William F Young, Jr, MD, MSc
Section Editor
Richard H Sterns, MD
Deputy Editor
John P Forman, MD, MSc


The syndrome of apparent mineralocorticoid excess (AME), a genetic disorder, and chronic ingestion of licorice (the root of glycyrrhiza glabra) or licorice-like compounds (such as carbenoxolone) can result in findings similar to those in primary aldosteronism: hypertension, hypokalemia, metabolic alkalosis, and low plasma renin activity. However, plasma aldosterone levels are low in these disorders, rather than elevated, as in primary aldosteronism. (See "Diagnosis of primary aldosteronism" and "Pathophysiology and clinical features of primary aldosteronism".)
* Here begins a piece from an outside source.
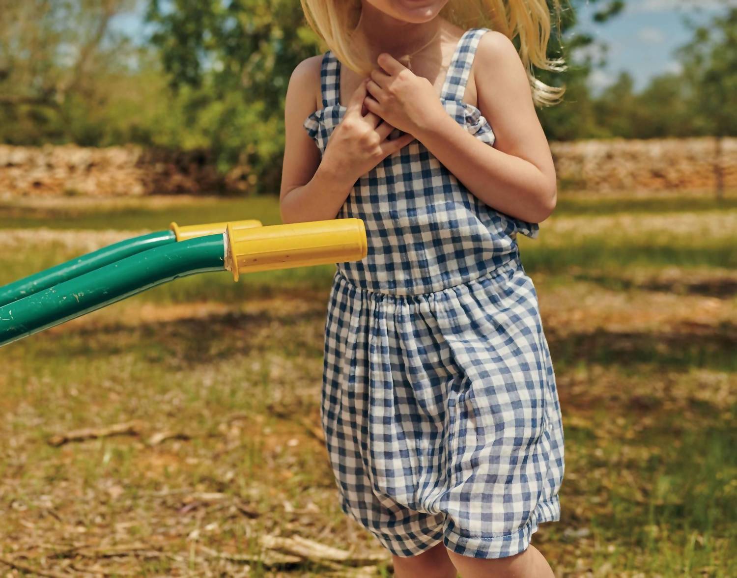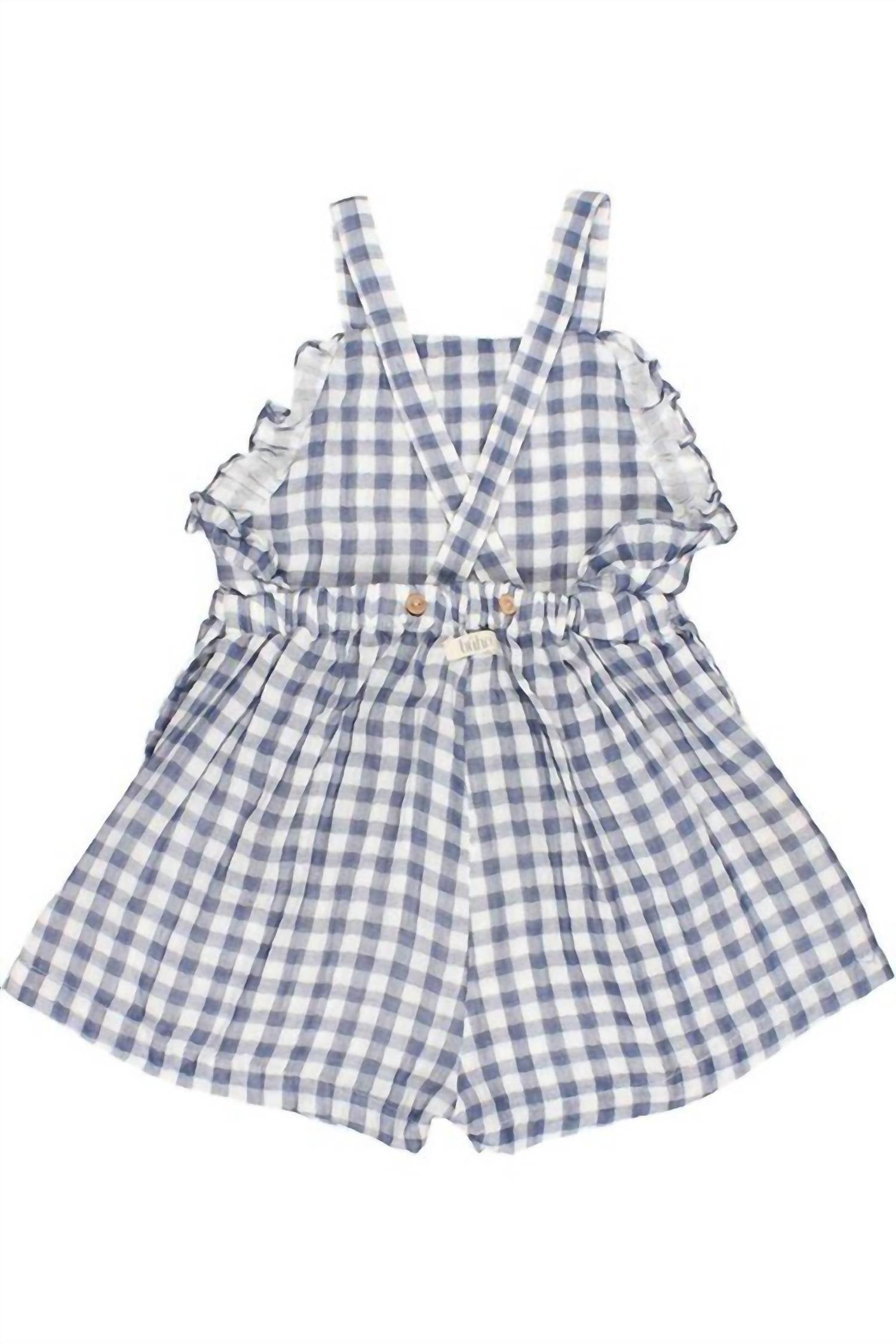 The Búho Gingham Jumpsuit in Blue Stone is a charming piece designed for girls, featuring a relaxed fit that's perfect for playful days. Crafted from 98% Cotton and 2% Polyester, this jumpsuit offers a soft touch with adjustable straps and ruffle details for added flair. Made in Morocco, it boasts an elastic band at the back for a comfortable fit. Ideal for sizes 3, 4, 6, and 8, Búho recommends sizing up if in between sizes.

The pathogenesis of these disorders has been elucidated. Summarized briefly, renal mineralocorticoid receptors bind aldosterone and cortisol with similar affinity. Although the plasma concentration of cortisol is approximately 100-fold higher than aldosterone, activation of mineralocorticoid receptors by cortisol is normally limited due to its conversion to inactive cortisone at the sites of aldosterone action by the enzyme 11-beta-hydroxysteroid dehydrogenase type 2 (11-beta-HSD2) [1]. This conversion is impaired in AME because of a mutation in the 11-beta-HSD2 gene and with licorice ingestion because of a compound in licorice (glycyrrhetinic acid) that inhibits the enzyme [2]. (See 'Pathogenesis' below.)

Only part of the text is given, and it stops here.